Quant Guide 2017: Pierre and Marie Curie University
Paris, France
Master in Probability and Finance | metrics table at end of article
This one-year master’s offered by Pierre and Marie Curie University (UPMC) in Paris and Ecole polytechnique is known for the mathematical calibre of its graduates. The entry requirements are high, warns a co-director of the programme, Gilles Pagès. “We are extremely demanding in terms of mathematical level.”
The French-language programme was designed in 1991 by Nicole El Karoui, a renowned mathematician who remains co-director. Unlike most master’s degrees, this programme requires a previous master’s to qualify and is aimed almost exclusively at mathematicians. About 80 students are admitted each year and there are no plans to expand this number, even though the demand is there: five times as many students applied in the current academic year.
Highlights of the programme include courses on diffusion processes, Monte Carlo methods in finance, and stochastic processes and derivative products. This third course applies the material in the first two to financial modelling. “Rather than teaching them a very specific model with all the solutions and formulas, we instead explain how to derive those formulas from models,” says Pagès. “So in some sense it’s rather abstract and theoretic.”
Programming skills are another focus of the master’s, and part of the Monte Carlo methods course involves a computational project. Here students will read a research paper on mathematical finance from a journal, implement it by writing a computational programme and then analyse the results. Two or more similar computational projects are then completed in other courses later in the year. Students are expected to have a knowledge of programming languages before joining.
The programme also includes plenty of more applied courses such as in statistical methods for finance. This course looks into order execution and high-frequency trading, for example. There are also courses covering bitcoin, and fintech more generally. Following the financial crisis, the programme was expanded to provide a better understanding of how the financial industry works, how it’s regulated and how it has developed historically.
Many of the more applied courses are taught by industry practitioners. For example, Charles-Albert Lehalle, a senior quant at Capital Fund Management, teaches quantitative trading, while Pierre Henry-Labordère, a quant at Societe Generale and winner of the 2013 Quant of the Year Risk.net award, teaches non-linear pricing.
“They are still rather theoretical and rigorous from a mathematical point of view, but they are directly focused on the applications,” Pagès says. “The word ‘finance’ almost never appears in the course on stochastic calculus. By contrast, with the course on statistical methods for finance we always start from a financial problem, financial product or financial hedging strategy.”
As with other French master’s courses, internships are mandatory. They last five months and begin in April after exams have finished. Networking opportunities are also available, with Societe Generale annually inviting students to social events, as well as a cocktail party hosted by the university at the end of the year. Two or three hundred people attend this event, including alumni and professional partners. The LinkedIn alumni network is large and active, Pagès says.

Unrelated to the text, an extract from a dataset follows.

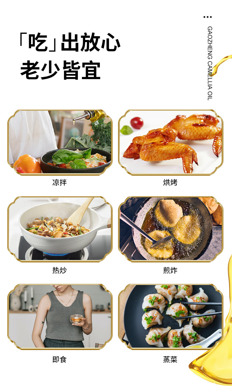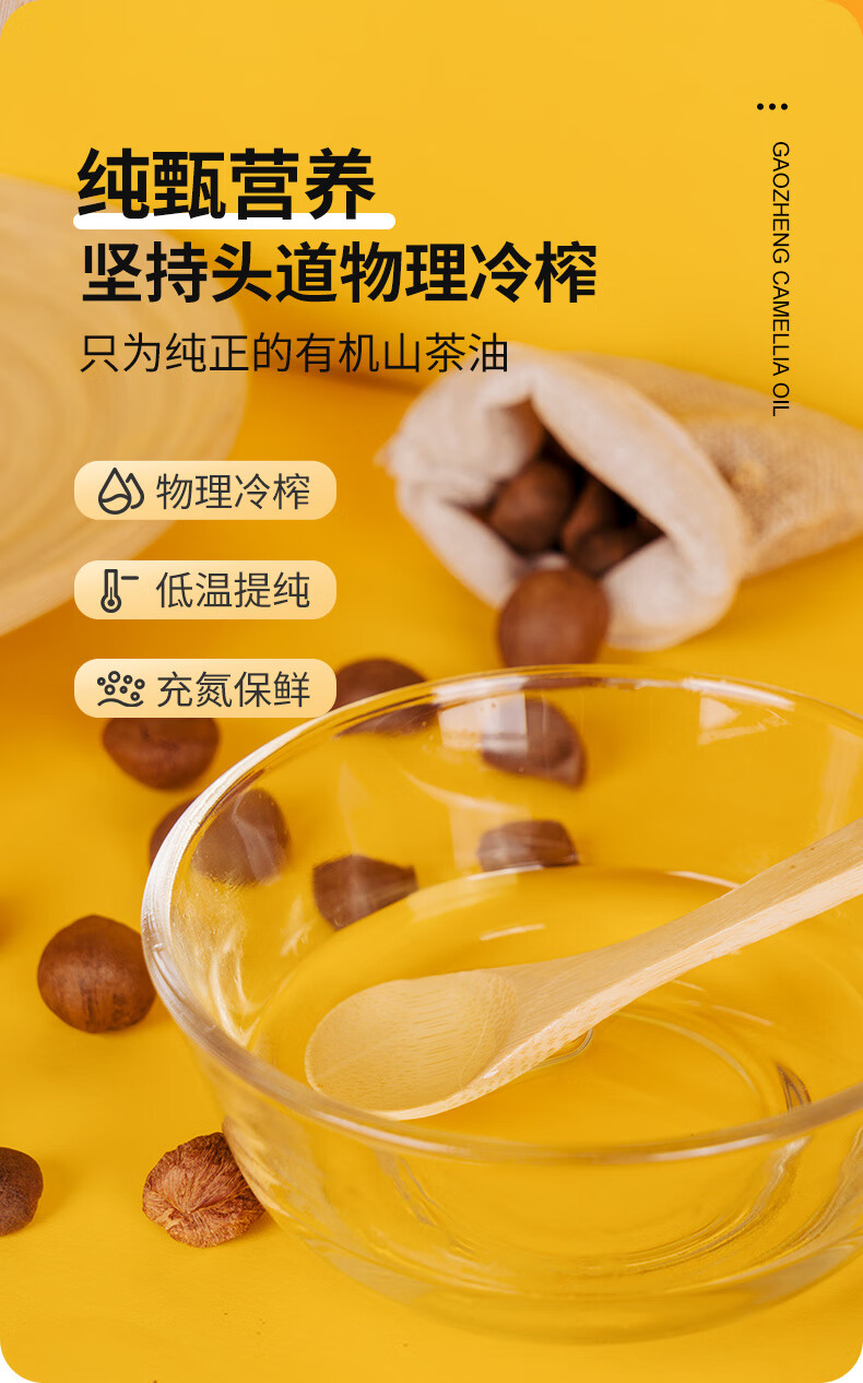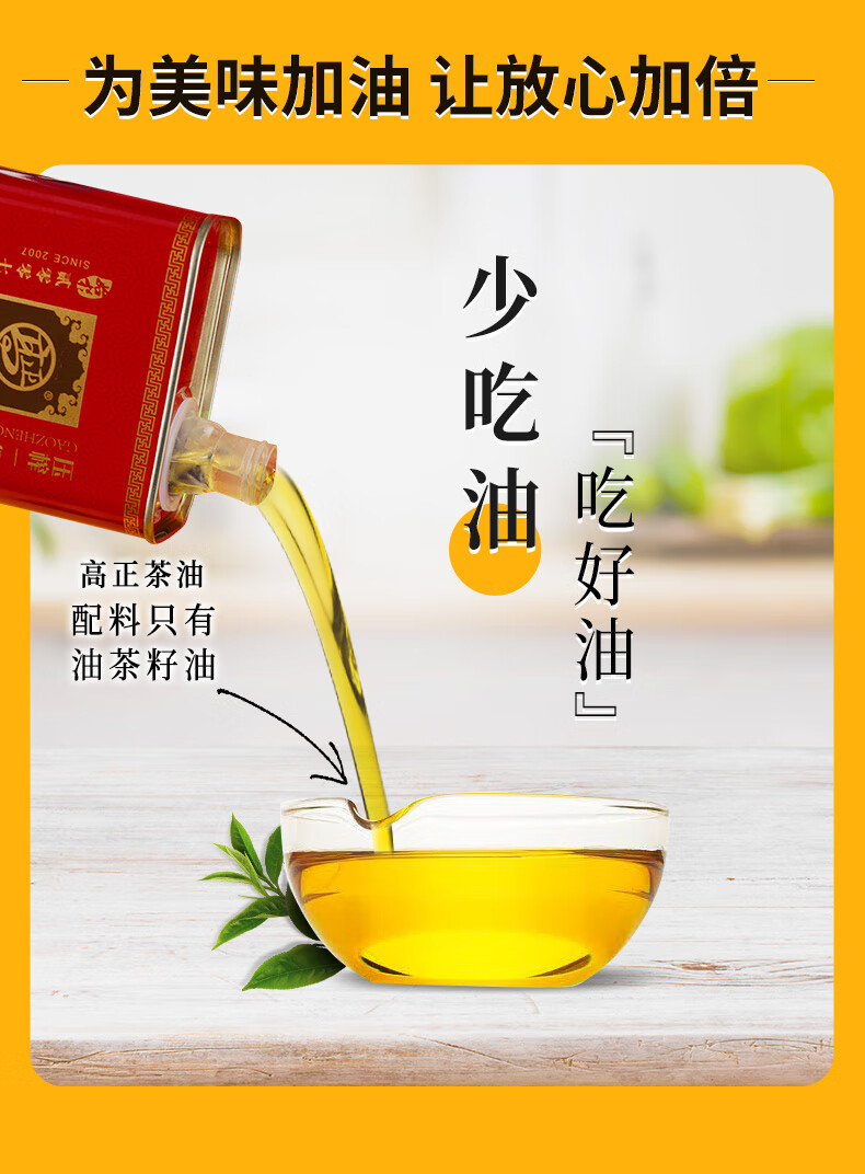 清淡不腻,锁住营养;健康生活 ,选品质茶油;高活烟点,清亮少烟;轻食好油,肠胃无负担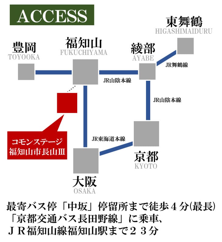 「中坂」停留所まで徒歩4分。3路線が乗り入れるJR「福知山」駅へ乗車23分でアクセス。

Julie Othman graduated in 2012 and now works as a quantitative analyst for Rokos Capital Management in London. Although quants use stochastic calculus less and less, Othman says an understanding of it is crucial to professional quants’ work, and she was impressed with how it was taught at UPMC.
“There is a course on stochastic calculus, which was one of the best courses I have ever experienced,” says Othman. “El Karoui has a way of presenting stochastic calculus that is very clear and very methodical.”
Another graduate, Quentin Lintzer, completed the programme in 2007 and is currently executive director of cross-asset trading at Crédit Agricole’s corporate and investment bank. Before joining UPMC, also known as Paris VI, Lintzer gained a master’s in economics at the London School of Economics and a bachelor’s in engineering from Ecole nationale des ponts et chaussées.
“The master’s is at the crossroads of the mathematical world, the computer science world and the financial world,” says Lintzer, “and it really puts a lot of emphasis on the mathematical content of all the financial mathematics theory.”
The programme aims to help graduates to go beyond just quantitative analyst roles, equipping them with knowledge helpful in other areas, such as trading – as was the case for Lintzer.
“The great thing that I think most people enjoy having graduated from Paris VI is that because we’ve spent so much time on the theory, it becomes second nature,” he says. “So if we need to discover a new product or go into the details of the pricing of a new structure, we are able to perform analysis under pressure and that does fit in to a dealing room quite naturally.”
To be competitive in the current market, Lintzer believes it’s important to have skills in data and statistical analysis. This is an area covered at UPMC with courses on statistical methods and high-dimensional data. Further courses on topics such as deep learning are being looked into.